### ASSIGNED TASK:
Return only the lines from the top of the data down to the one that holds "Derby amaro. Il", both included, without any pictures.

### MATERIAL FOR THIS EXERCISE:
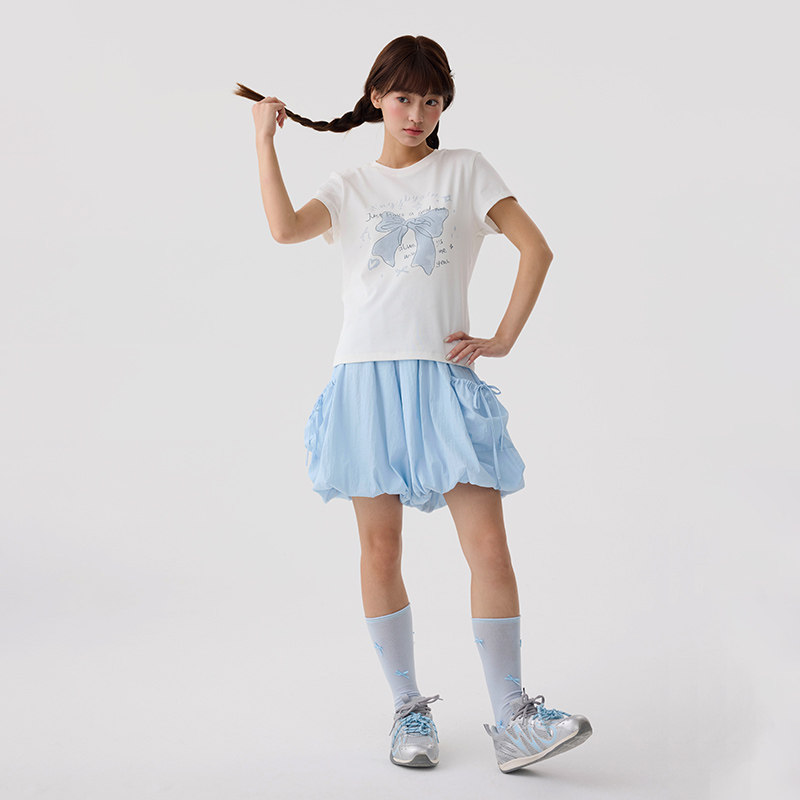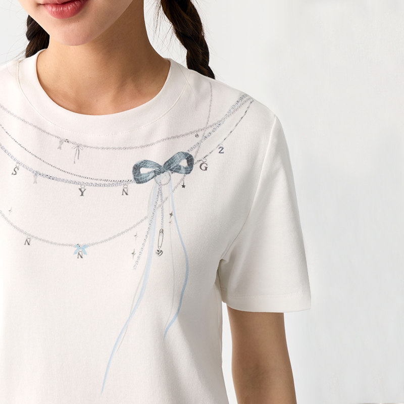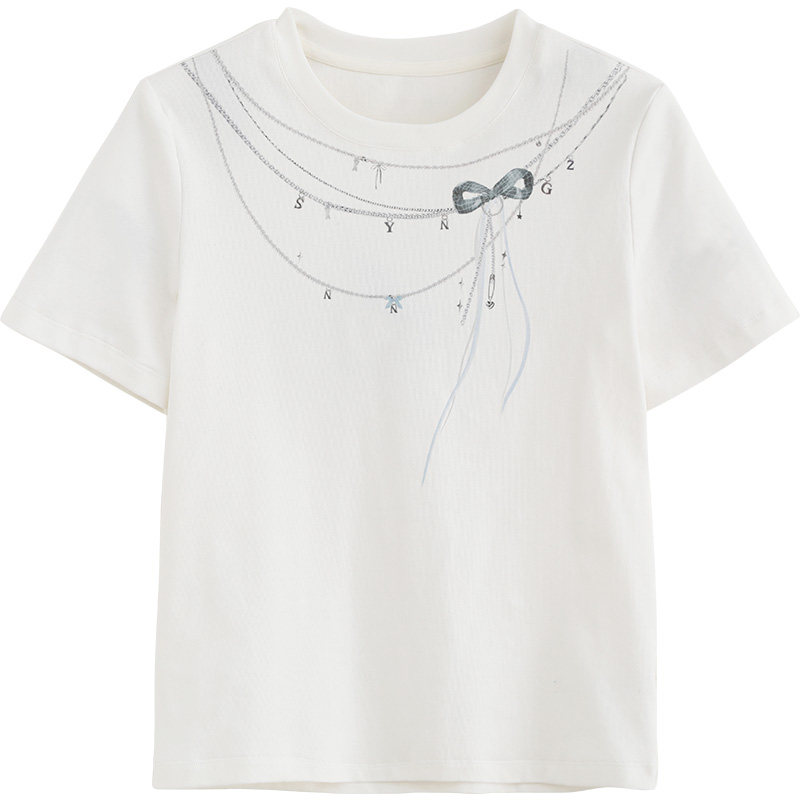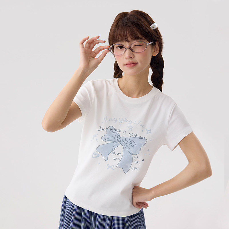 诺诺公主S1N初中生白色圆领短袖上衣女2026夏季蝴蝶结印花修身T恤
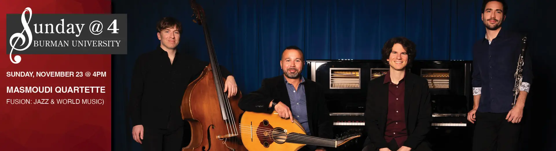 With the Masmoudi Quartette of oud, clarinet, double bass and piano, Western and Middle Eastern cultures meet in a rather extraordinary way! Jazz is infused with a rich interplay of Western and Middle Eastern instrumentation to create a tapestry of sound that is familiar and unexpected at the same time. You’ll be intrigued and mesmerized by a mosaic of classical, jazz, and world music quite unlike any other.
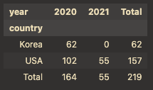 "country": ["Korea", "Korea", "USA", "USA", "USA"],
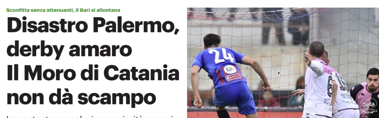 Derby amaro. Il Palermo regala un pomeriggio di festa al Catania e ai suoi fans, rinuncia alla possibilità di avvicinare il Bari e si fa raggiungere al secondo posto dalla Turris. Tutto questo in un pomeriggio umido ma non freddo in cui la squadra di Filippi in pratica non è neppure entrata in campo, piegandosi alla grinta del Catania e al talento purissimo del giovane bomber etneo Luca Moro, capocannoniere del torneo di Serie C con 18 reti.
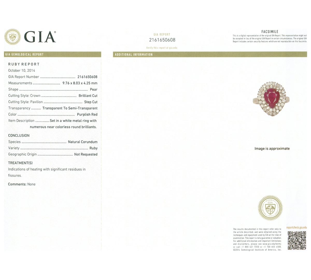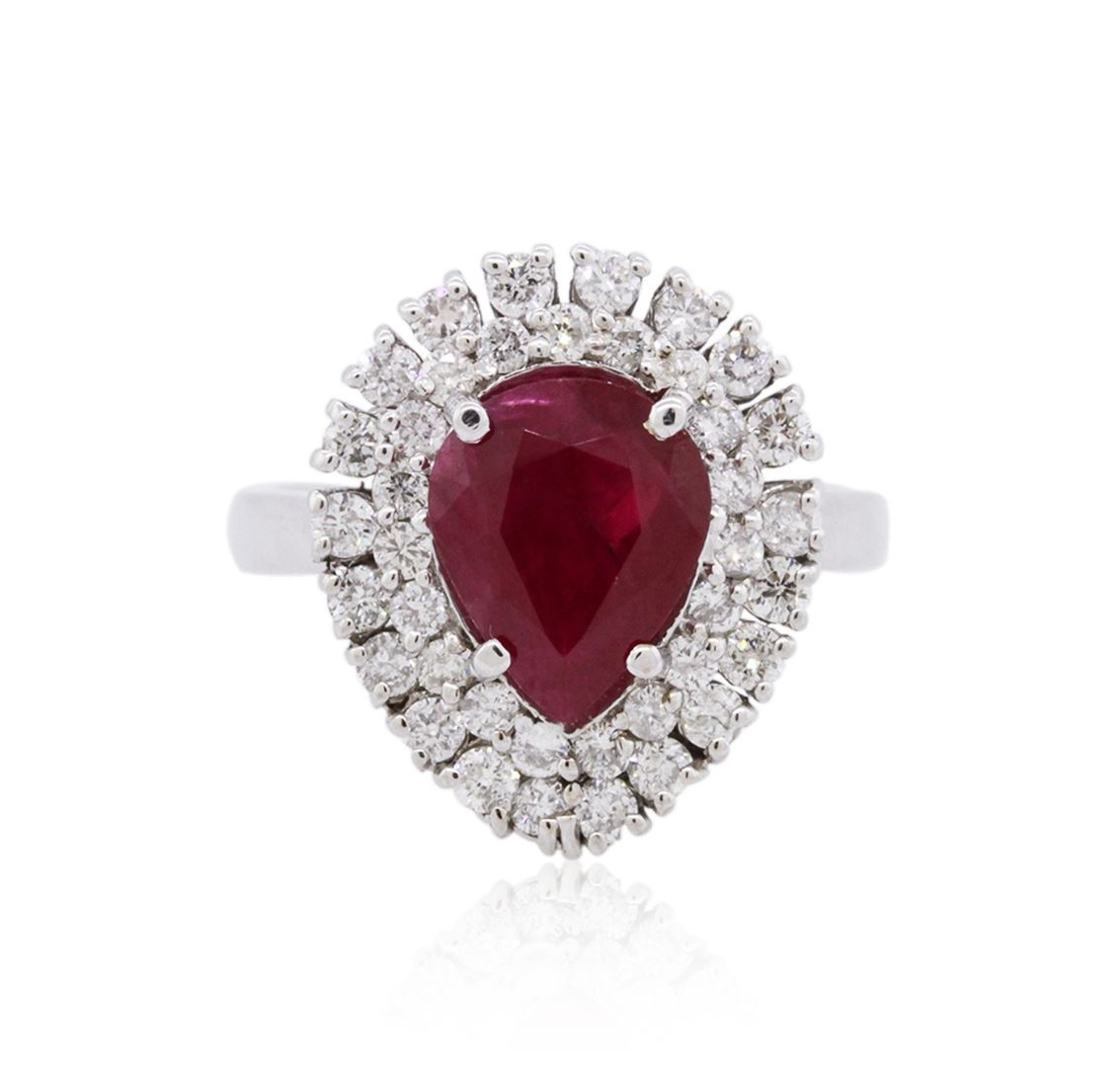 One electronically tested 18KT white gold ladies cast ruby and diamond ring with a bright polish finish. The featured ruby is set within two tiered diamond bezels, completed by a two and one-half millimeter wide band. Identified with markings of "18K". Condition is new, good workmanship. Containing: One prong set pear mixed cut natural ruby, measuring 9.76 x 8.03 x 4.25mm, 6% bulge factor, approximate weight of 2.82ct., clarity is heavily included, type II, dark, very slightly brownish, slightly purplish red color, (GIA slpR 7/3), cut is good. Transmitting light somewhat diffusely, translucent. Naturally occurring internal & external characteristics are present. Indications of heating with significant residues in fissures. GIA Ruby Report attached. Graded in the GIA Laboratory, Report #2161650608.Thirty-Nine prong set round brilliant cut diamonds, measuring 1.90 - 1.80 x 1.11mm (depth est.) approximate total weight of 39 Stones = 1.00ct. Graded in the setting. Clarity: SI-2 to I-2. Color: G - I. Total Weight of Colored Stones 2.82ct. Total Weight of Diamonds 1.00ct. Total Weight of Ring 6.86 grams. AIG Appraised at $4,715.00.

### WRITTEN ANSWER:
 诺诺公主S1N初中生白色圆领短袖上衣女2026夏季蝴蝶结印花修身T恤
 With the Masmoudi Quartette of oud, clarinet, double bass and piano, Western and Middle Eastern cultures meet in a rather extraordinary way! Jazz is infused with a rich interplay of Western and Middle Eastern instrumentation to create a tapestry of sound that is familiar and unexpected at the same time. You’ll be intrigued and mesmerized by a mosaic of classical, jazz, and world music quite unlike any other.
 "country": ["Korea", "Korea", "USA", "USA", "USA"],
 Derby amaro. Il Palermo regala un pomeriggio di festa al Catania e ai suoi fans, rinuncia alla possibilità di avvicinare il Bari e si fa raggiungere al secondo posto dalla Turris. Tutto questo in un pomeriggio umido ma non freddo in cui la squadra di Filippi in pratica non è neppure entrata in campo, piegandosi alla grinta del Catania e al talento purissimo del giovane bomber etneo Luca Moro, capocannoniere del torneo di Serie C con 18 reti.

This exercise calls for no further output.